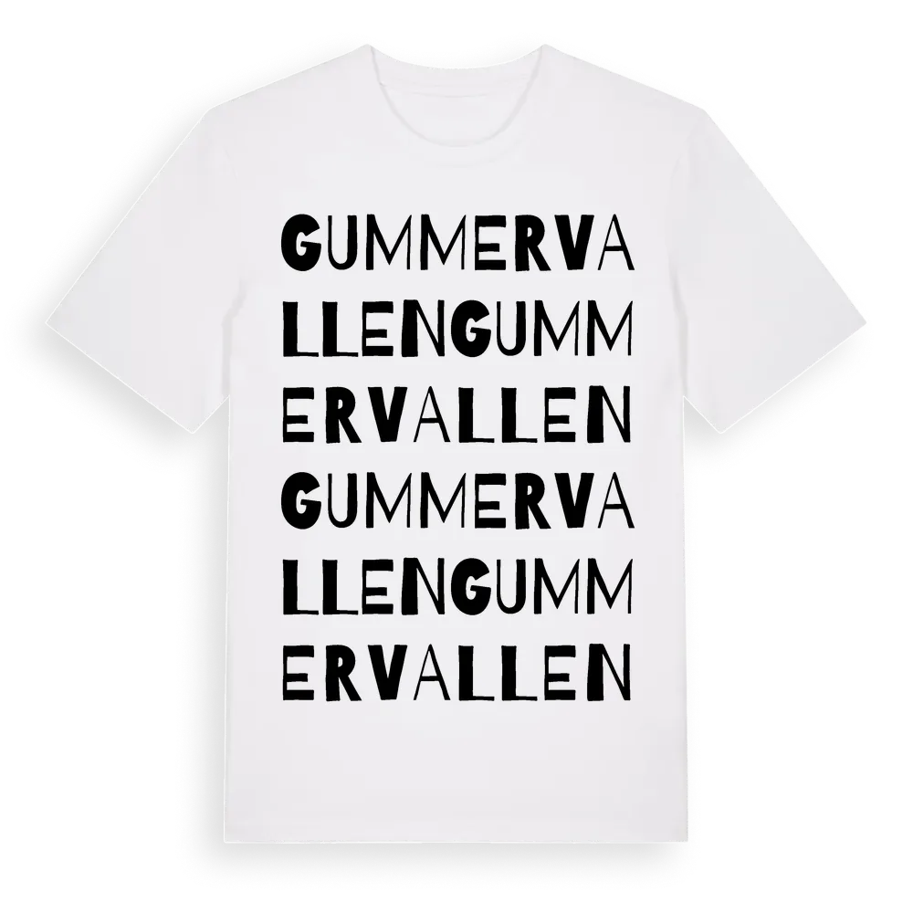 Gummervallen ordlek t-shirt är inspirerad av byn Gummervallen i Gävleborgs län, Sverige. Tröjan är designad för dig som har en speciell koppling till platsen – oavsett om du bor här, har rötterna här eller bara älskar Gummervallen.
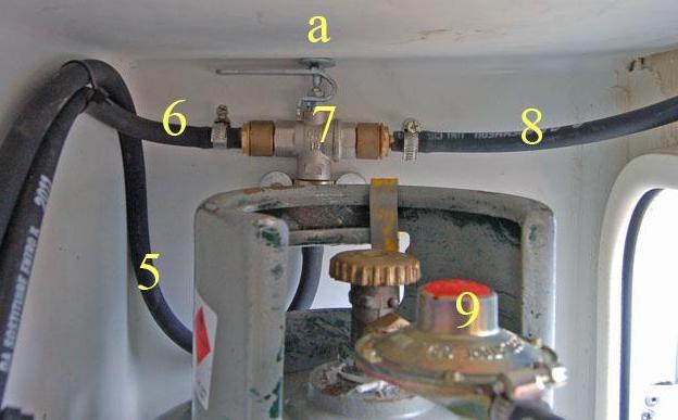 Ho ritrovato delle vecchie foto... 7 = rubinetto a 3 vie a = leva piegata dove ho saldato un'asta che finiva nel mobile sopra il vano bombole 8 = tubo che va al regolatore di pressione 9 6 = tubo che va al regolatore dipressione dall'altra bombola (che non si vede in foto) 5 = tubo che esce dal selettore e va all'impianto. Nel mobiletto interno ecco li comando per cambiare bombola: a = asta che proviene dal rubinetto lì sotto c = selettore delle due bombole (Castore e Polluce) Che delinquente che ero... Marco.
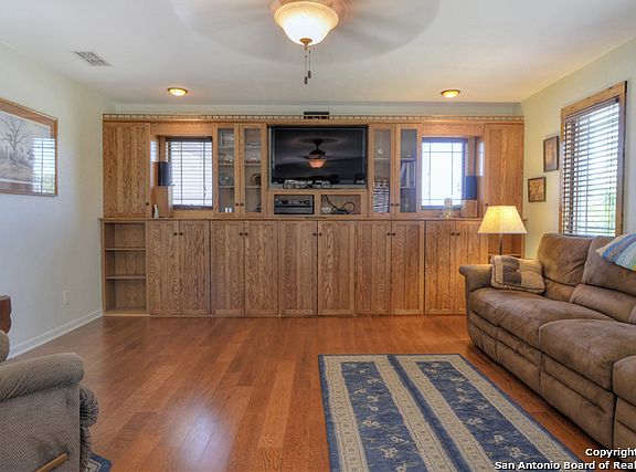 Enjoy your piece of Texas on this 3 acre hill country property with waterfront access in the neighborhood! RV storage on site. Custom built by owner. Energy efficient. Lots of storage & built-ins. Automated landscape watering system. Solid wood doors & wood floors in this open concept plan. Island kitchen boasts an abundance of storage, hard surface counters & track lighting. Master suite offers outside access to patio, tub & oversized shower & closet with built-ins. Horses are allowed. Views from every angle.
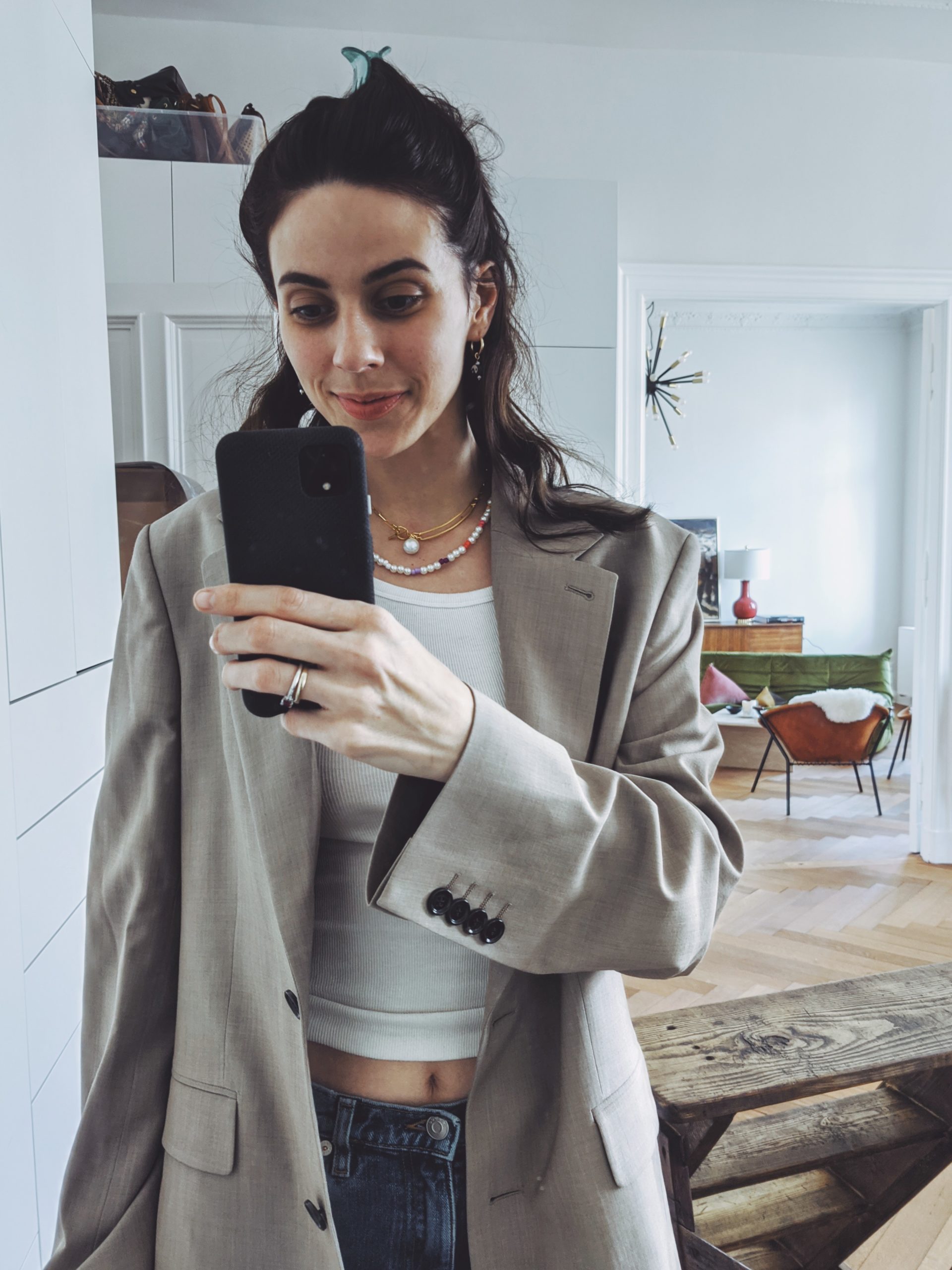 Top: & other stories, Blazer: Filippa K, Jeans: Arket, Kette: Jane Kønig
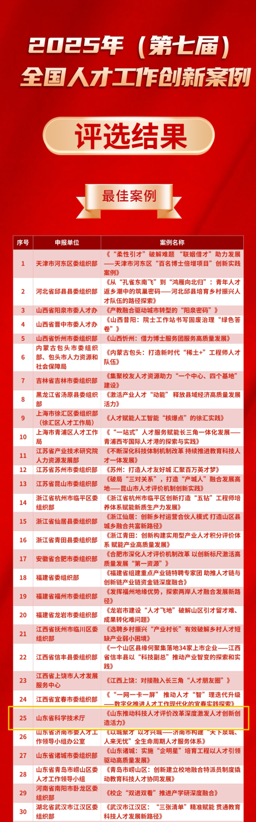 首页 >科技资讯 >工作动态 喜报 | 山东科技人才评价改革做法获评全国人才工作创新案例“最佳案例” 浏览次数: 信息来源:人才处、人才中心 发布时间: 2025-10-17 10:48 文字大小: 大 中 小 近日,2025年(第七届)全国人才工作创新案例评选结果揭晓。我厅报送的《山东推动科技人才评价改革 深度激发人才创新创造活力》获评全国“最佳案例”,此次获奖创新案例,正是我省在科技人才工作中持续创新、成效显著的生动示例。为更好展现各地各部门深入实施新时代人才强国战略、强化现代化建设人才支撑的实践成果,今年3月以来,中国人才杂志社举办了“2025年(第七届)全国人才工作创新案例征集评选活动”,共收到全国各级各部门报送的案例1200余篇,评出最佳案例50个、优秀案例100个。 打印 关闭
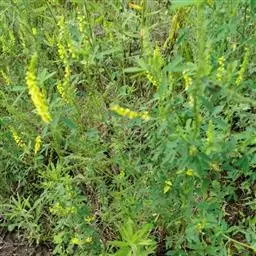 草木樨 Pall.)是豆科草木樨属的二年生草本植物。茎直立粗壮,多分枝,具纵棱,…
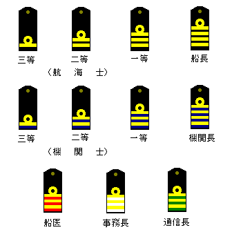 船長や航海士、機関士など船舶職員といわれる人が肩章(略式装)をつけたり袖に金モール(制服)を巻いたりしています。言わば士官の証です。左図のように三航・機士は1本、二等航・機士は2本、一航・機士、通信長、船医、パーサーは3本、船・機長は4本となっていますが、甲板部が金筋だけなのに対し、機関部では金筋の下部に紫線、無線部は緑線、事務部は白線、船医は赤線を施して各部を識別します。 ところが外航船であっても、練習船や客船、艦船等を除いて、・・・・・ |
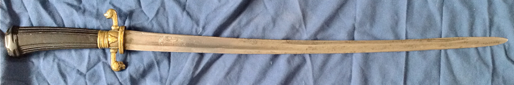 An 18thC French hunting sword of mine, the hilt form would suggest a common lineage. Regards, Norman. |
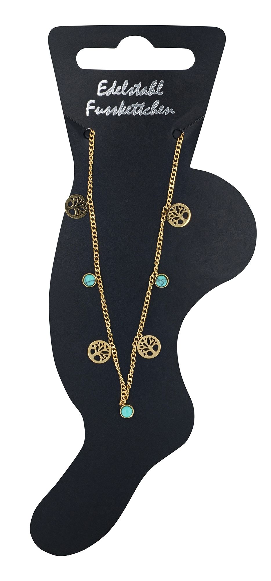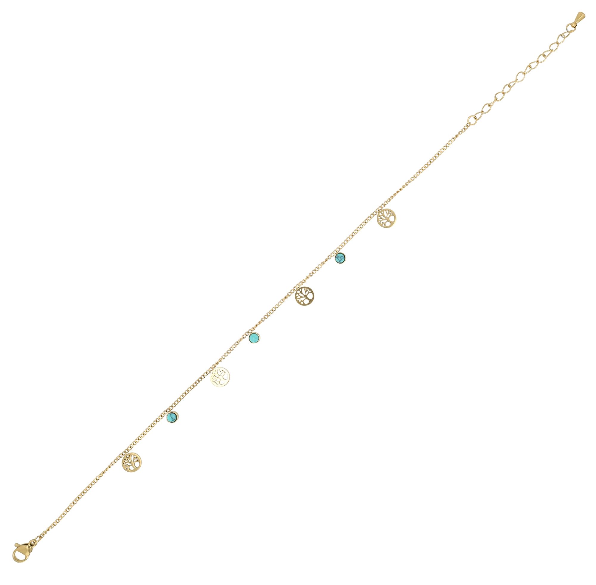 Productinformatie ""Lys" Edelstahl Fußkettchen (Lebensbaum), 21,5 + 5 cm, goldfarben"

########

* **TASK BRIEF**:
Could the data above be returned in full, exactly, with every image left out?

* **SOLVED EXERCISE**:
 Gummervallen ordlek t-shirt är inspirerad av byn Gummervallen i Gävleborgs län, Sverige. Tröjan är designad för dig som har en speciell koppling till platsen – oavsett om du bor här, har rötterna här eller bara älskar Gummervallen.
 Ho ritrovato delle vecchie foto... 7 = rubinetto a 3 vie a = leva piegata dove ho saldato un'asta che finiva nel mobile sopra il vano bombole 8 = tubo che va al regolatore di pressione 9 6 = tubo che va al regolatore dipressione dall'altra bombola (che non si vede in foto) 5 = tubo che esce dal selettore e va all'impianto. Nel mobiletto interno ecco li comando per cambiare bombola: a = asta che proviene dal rubinetto lì sotto c = selettore delle due bombole (Castore e Polluce) Che delinquente che ero... Marco.
 Enjoy your piece of Texas on this 3 acre hill country property with waterfront access in the neighborhood! RV storage on site. Custom built by owner. Energy efficient. Lots of storage & built-ins. Automated landscape watering system. Solid wood doors & wood floors in this open concept plan. Island kitchen boasts an abundance of storage, hard surface counters & track lighting. Master suite offers outside access to patio, tub & oversized shower & closet with built-ins. Horses are allowed. Views from every angle.
 Top: & other stories, Blazer: Filippa K, Jeans: Arket, Kette: Jane Kønig
 首页 >科技资讯 >工作动态 喜报 | 山东科技人才评价改革做法获评全国人才工作创新案例“最佳案例” 浏览次数: 信息来源:人才处、人才中心 发布时间: 2025-10-17 10:48 文字大小: 大 中 小 近日,2025年(第七届)全国人才工作创新案例评选结果揭晓。我厅报送的《山东推动科技人才评价改革 深度激发人才创新创造活力》获评全国“最佳案例”,此次获奖创新案例,正是我省在科技人才工作中持续创新、成效显著的生动示例。为更好展现各地各部门深入实施新时代人才强国战略、强化现代化建设人才支撑的实践成果,今年3月以来,中国人才杂志社举办了“2025年(第七届)全国人才工作创新案例征集评选活动”,共收到全国各级各部门报送的案例1200余篇,评出最佳案例50个、优秀案例100个。 打印 关闭
 草木樨 Pall.)是豆科草木樨属的二年生草本植物。茎直立粗壮,多分枝,具纵棱,…
 船長や航海士、機関士など船舶職員といわれる人が肩章(略式装)をつけたり袖に金モール(制服)を巻いたりしています。言わば士官の証です。左図のように三航・機士は1本、二等航・機士は2本、一航・機士、通信長、船医、パーサーは3本、船・機長は4本となっていますが、甲板部が金筋だけなのに対し、機関部では金筋の下部に紫線、無線部は緑線、事務部は白線、船医は赤線を施して各部を識別します。 ところが外航船であっても、練習船や客船、艦船等を除いて、・・・・・ |
 An 18thC French hunting sword of mine, the hilt form would suggest a common lineage. Regards, Norman. |
 Productinformatie ""Lys" Edelstahl Fußkettchen (Lebensbaum), 21,5 + 5 cm, goldfarben"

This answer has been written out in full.